History of the flight

The third launch attempt on December 15 was then carried out without problems. In the fourth orbit Gemini 6 -A hit on Gemini 7, which was eleven days in orbit. Schirra and Stafford approached Gemini 7 to 40 meters, when the two ships were standing still relative to each other.

The Soviet Vostok spacecraft had indeed already in 1962 and 1963 approached each other, but based this on precise orbit calculations at startup, and not on the control of the spacecraft itself Thus the maneuver of Gemini 6 -A and Gemini 7 was the first controlled rendezvous of space.

Gemini 6 still had enough fuel to fly different maneuvers and approach Gemini 7 to 30 cm. On one occasion, Schirra and Stafford inspected the rear of Gemini 7, in another they flew nose to nose. Gemini 7 was already a long time in space and had not so large fuel reserves, so that Borman and Lovell as to control themselves more actively served as a passive target.

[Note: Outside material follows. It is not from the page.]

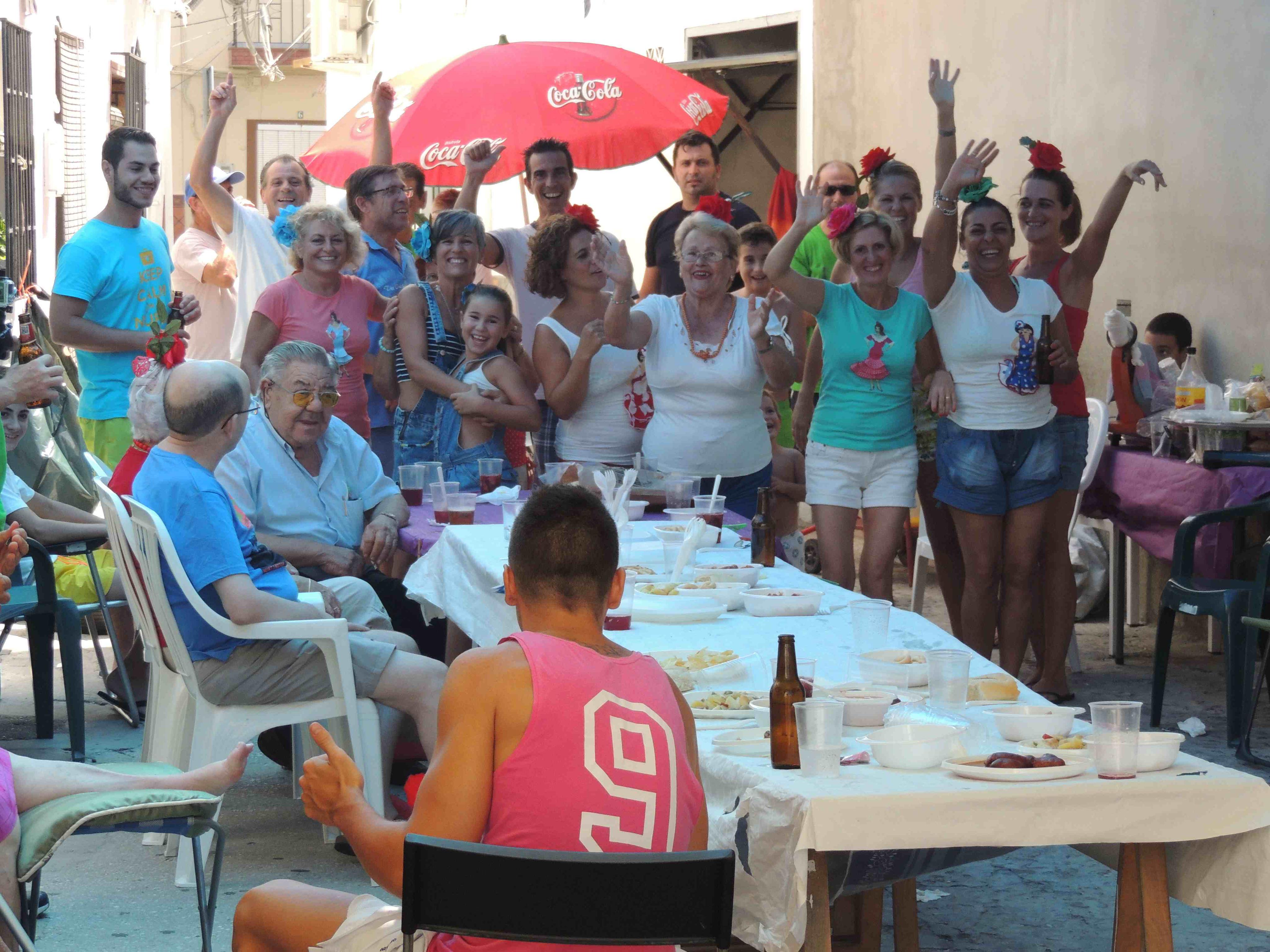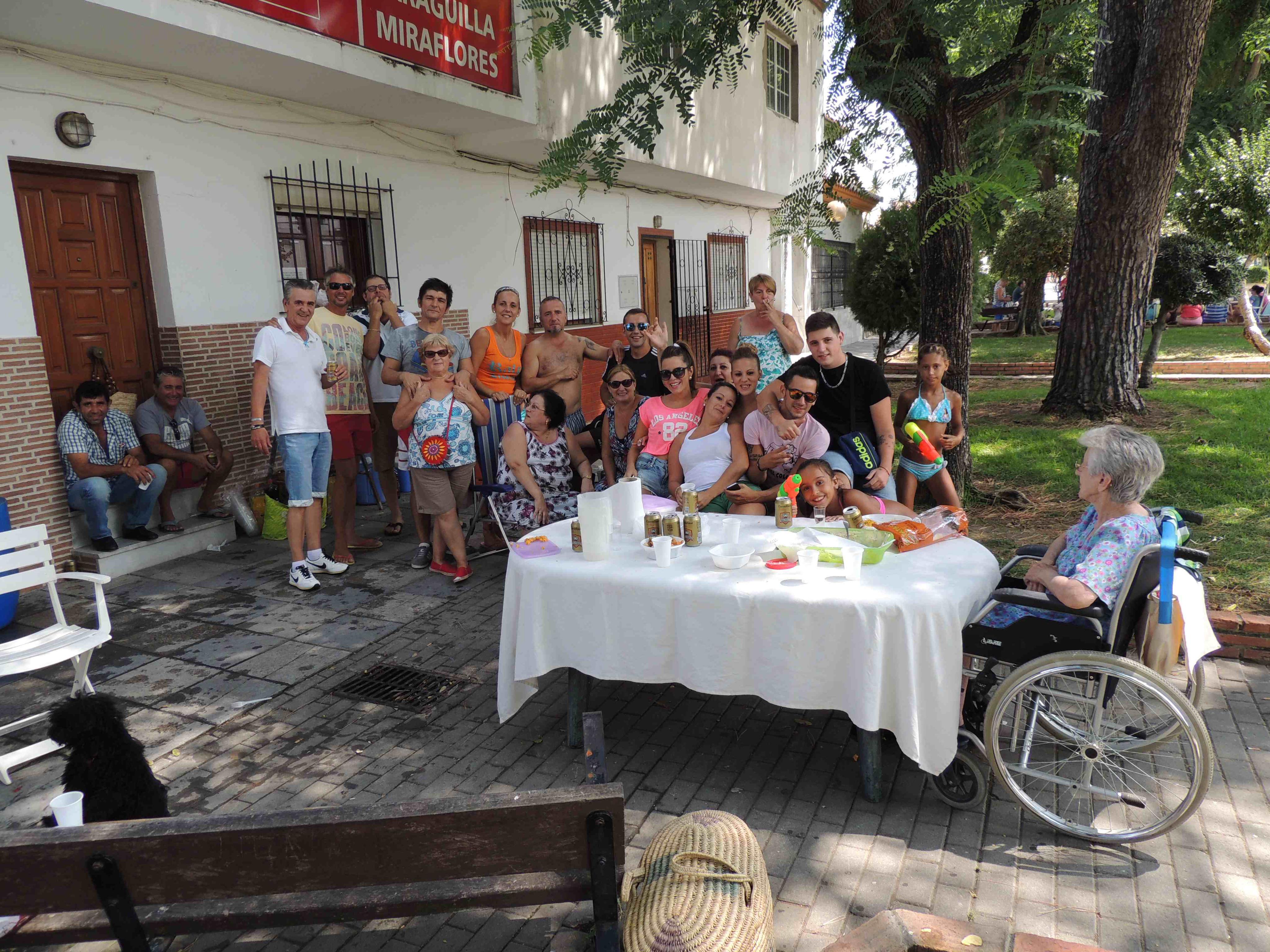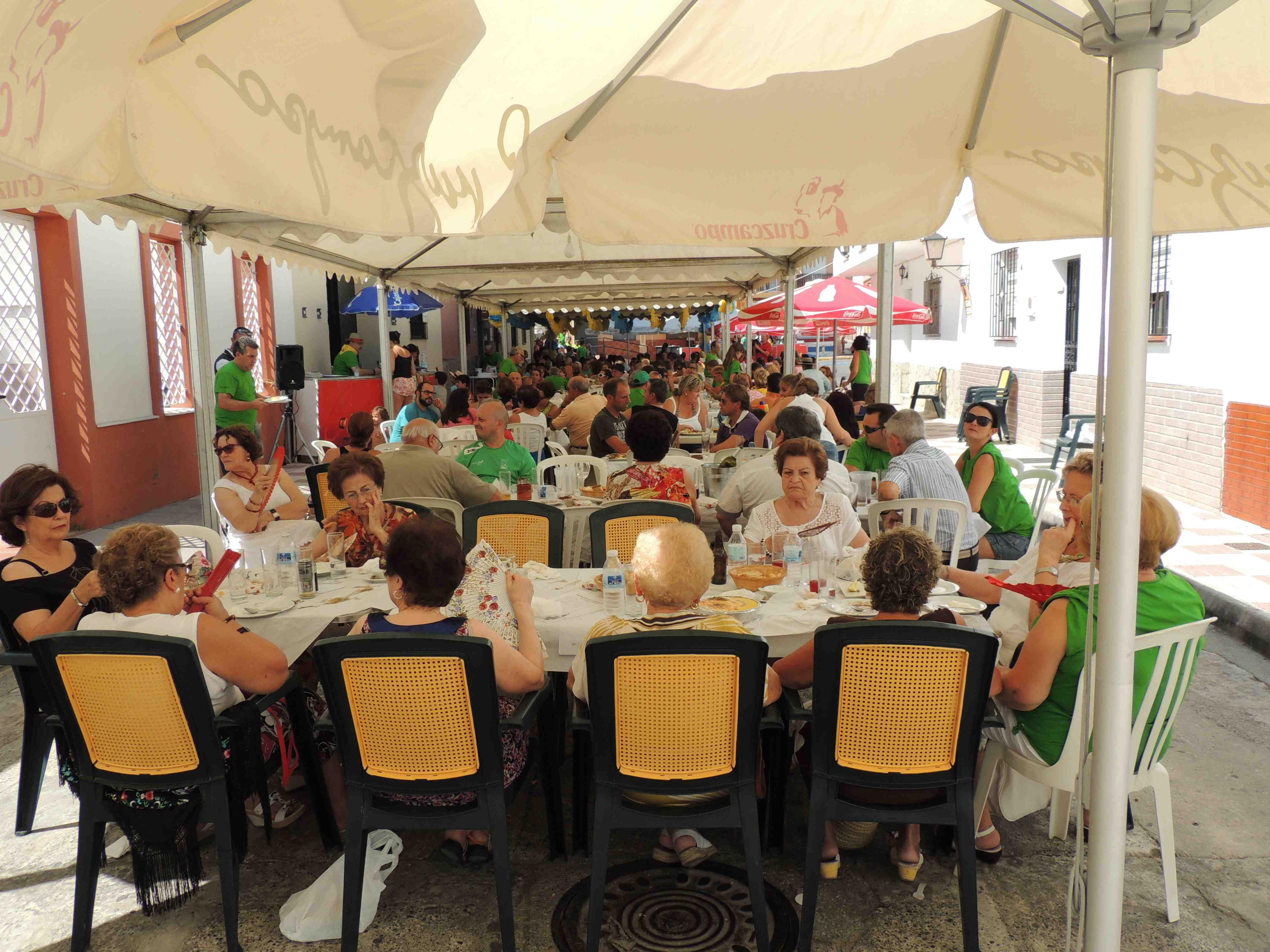 Como está siendo habitual en los últimos años, el Domingo Rociero de la Velada y Fiestas de la Estación 2014 se ha vivido principalmente en las calles y plazas de la barriada, donde numerosos vecinos han montado sus tenderetes familiares, si bien muchos otros eligieron los veladores de los establecimientos de la calle Sevilla. Al lado, en las plazas Ortega Brú y San Bernardo, tuvo lugar por la tarde la Fiesta del Agua, con divertidos baños de este líquido y de espuma que mitigaron el intenso calor.

During the rendezvous Lovell asked from the Gemini 7: "How 's the view? ". Schirra replied: " Pretty bad. I can see through the window and see you guys in there. "

Since all mission objectives were met, the landing of Gemini 6A was launched flight after only one day. For the first time the splashdown was broadcast live on television. Schirra and Stafford could be heave together with the landing capsule aboard the USS Wasp.

Importance for the Gemini Project

Gemini 6 -A and Gemini 7 showed impressively how exactly the Gemini spacecraft could control. Changes in velocity of only 3 cm / s allowed very fine changes in the trajectories. The next flight, Gemini 8, should then, as already planned for Gemini 6, couple to an Agena target satellite, a further step on the way to the moon flight.